The use of the home directory is merely a recommendation, and is not a strict requirement, only for convenience (and convention). You can set it up anywhere that you have read and write access.
See also Workspace on USB or Package on USB
This should be perfectly possible, provided that your medium is
formatted with a compatible file system, as permissions (on fi dynamic
reconfigure and other executable files) are important in a Catkin
workspace.
File systems like FAT, FAT32 and ExFat are not suitable for this.
Something like Ext3 or Ext4 or some other FS that supports regular
Linux file permissions should work fine.
If you use a "Windows" formatted drive, then your "Ubuntu" permissions may probably be lost, as drives formatted for Windows can not support that information. Execute and ownership permissions issues would/could arise.

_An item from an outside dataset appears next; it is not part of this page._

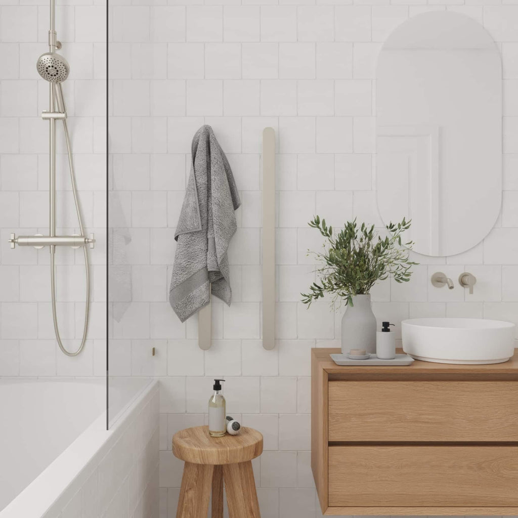 The Thermogroup Flat Pill Vertical Heated Single Towel Rail in Polished Stainless Steel offers a sleek and sophisticated addition to any bathroom. Crafted from durable 304-grade stainless steel, it measures 50mm x 900mm x 50mm with a modern flat profile. Wall-mounted with versatile top or bottom wiring, it delivers 20W of power and boasts an IP55 rating. Available in Brushed Stainless Steel, Brushed Nickel, Matte Black, and Brushed Brass, it includes a 7-year replacement warranty covering the finish, rail body, and element.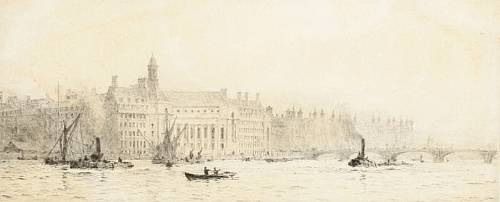 | 'County Hall and St Thomas' Hospital from the north bank of the Thames' | |

It would all depend on whether you need portability in order to be able to access the workspace from a Windows machine, or if you consistently use [different] Ubuntu/Linux machines.
If you really want use an ExFAT formatted drive, then I'm not entirely au fait with the situation, as I do not use Windows at all. You probably could/would run into issues. A solution might be to delete the devel
and build
directories and re-run catkin_make
before accessing it on the new machine1.
The use of an external drive is a good idea, portability wise. You may need to reconfigure paths when you move to another host machine though.
Another option is to have a separate user for ROS, whose entire home directory is on the external disk. You would log in as that user to have your environment ready to go. This is the method that I use. However, this requires admin access to set up your login to point to the externally mounted disk containing the home directory, prior to your logging in as the ROS user. You may not have that ability, or access.
1 See How to migrate a catkin workspace? and cannot source workspace.